↓

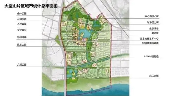 据介绍,大塱山城主要划分为科技产业集聚区,TOD生态居住区,百年文旅休闲区三大板块,将集新兴产业、高端商务、现代商贸及生态居住,打造成为功能复合的城市高端服务区。
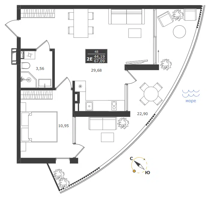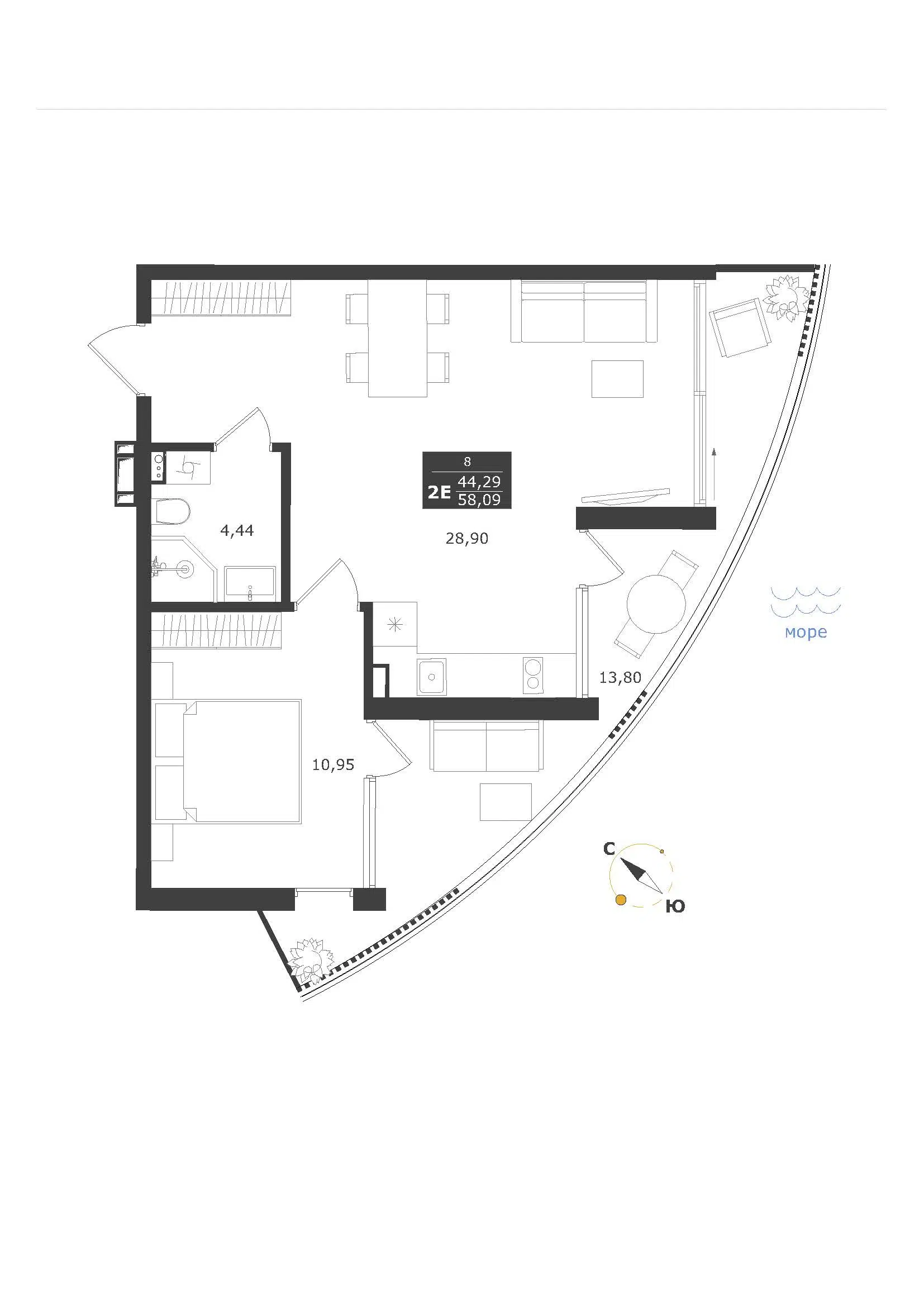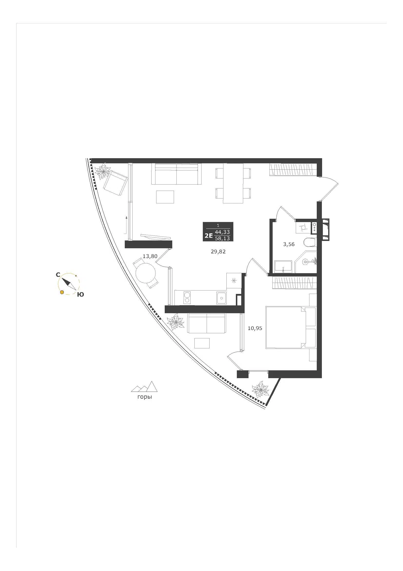 2-комнатная квартира, 57.98 м², 10 эт.
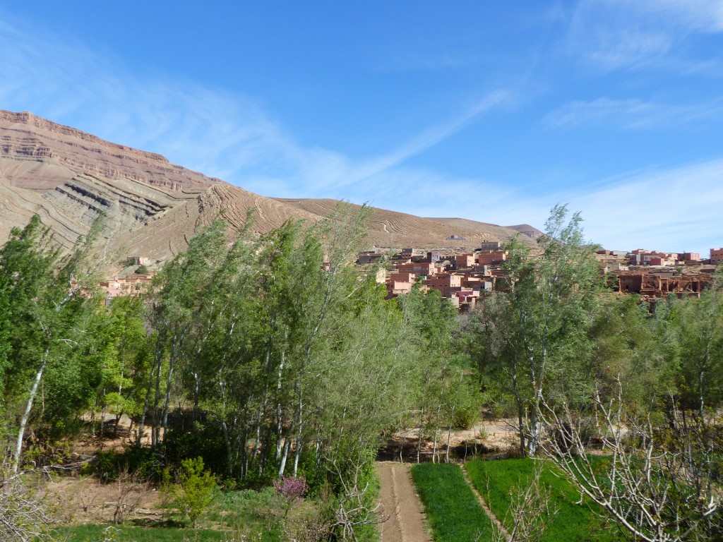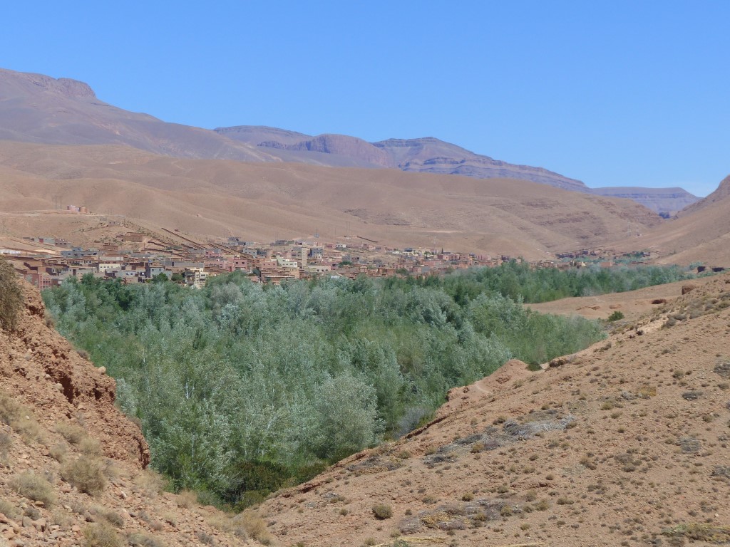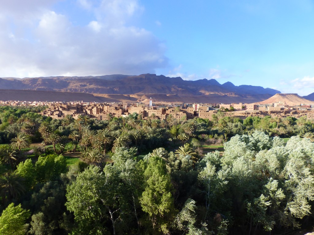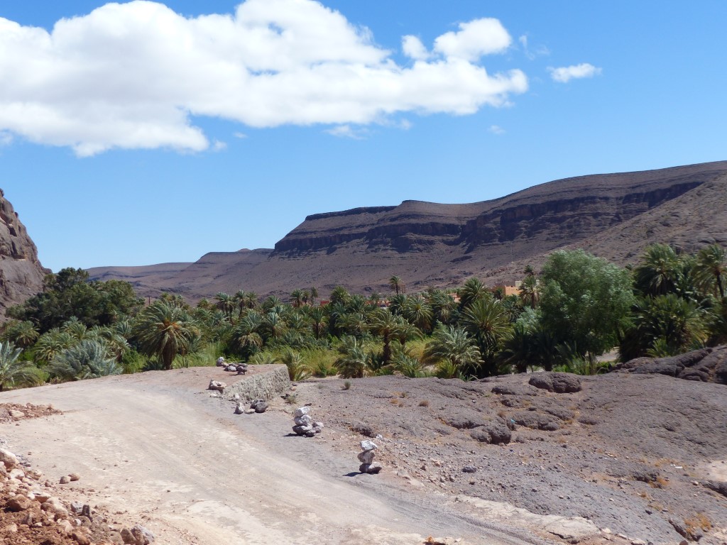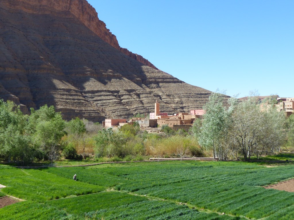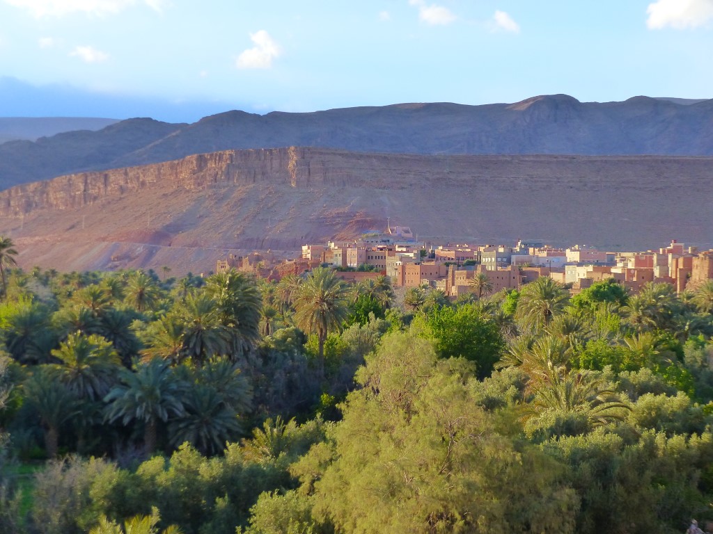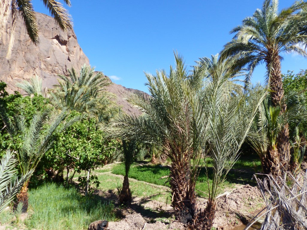 De l'autre côté des gorges, nous atteignons la palmeraie de Tinghir où nous trouvons un hôtel pour la soirée.
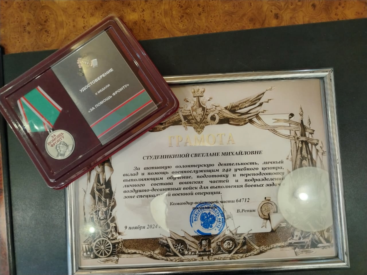 В преддверии Дня добровольца (волонтёра) председатель Законодательного Собрания Омской области Александр Артёмов вручил заместителю председателя Омского городского Совета Светлане Студеникиной медаль «За помощь фронту» и Грамоту за помощь военнослужащим 242 учебного центра ВДВ.
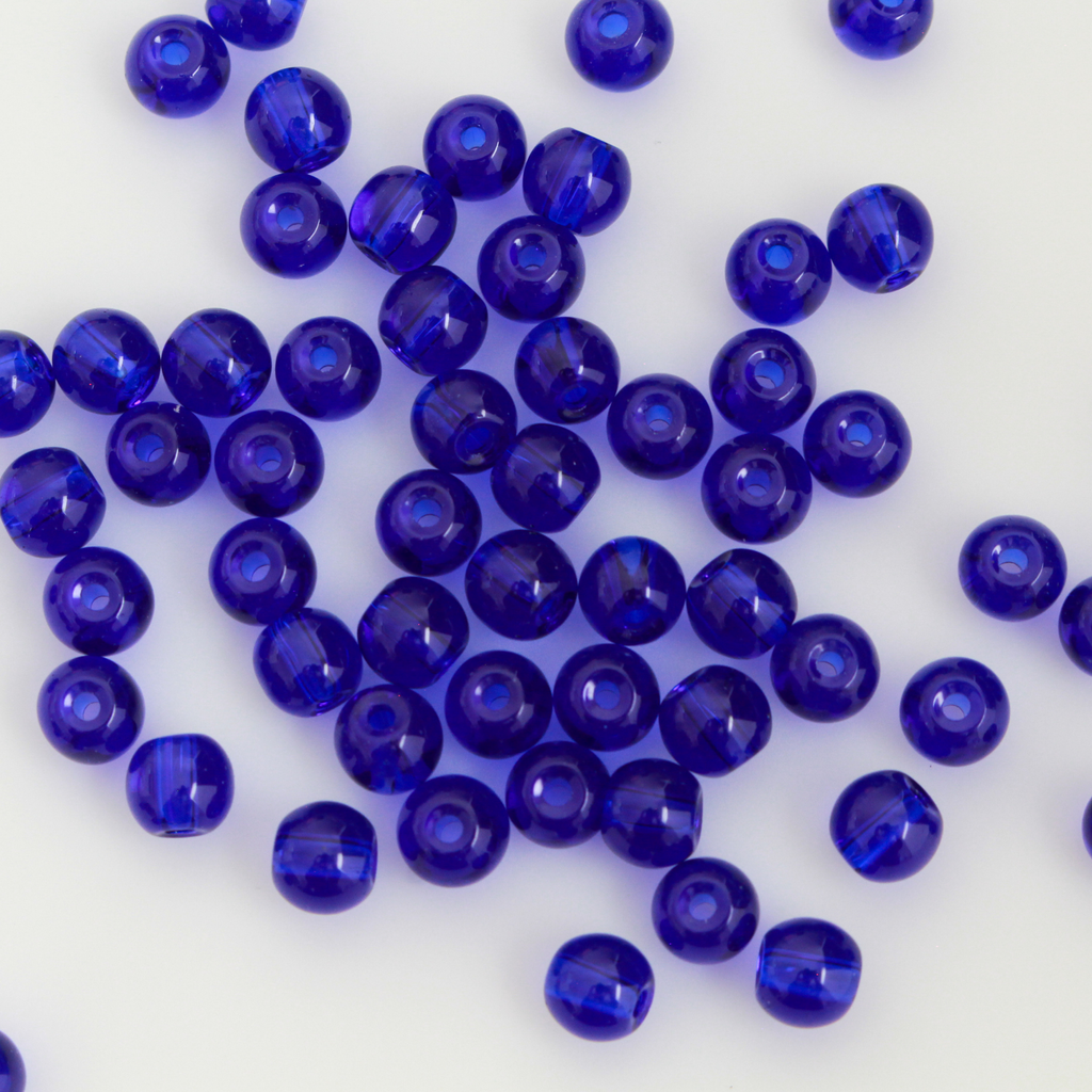 SKU: BD1626mm round glass beads in a dark midnight blue color that is transparent.

↑

Problem details: Beginning at the line with "В преддверии Дня" and ending at the last line of the listing above, retype each line exactly, including those two lines. Leave the pictures out.

Result:
 В преддверии Дня добровольца (волонтёра) председатель Законодательного Собрания Омской области Александр Артёмов вручил заместителю председателя Омского городского Совета Светлане Студеникиной медаль «За помощь фронту» и Грамоту за помощь военнослужащим 242 учебного центра ВДВ.
 SKU: BD1626mm round glass beads in a dark midnight blue color that is transparent.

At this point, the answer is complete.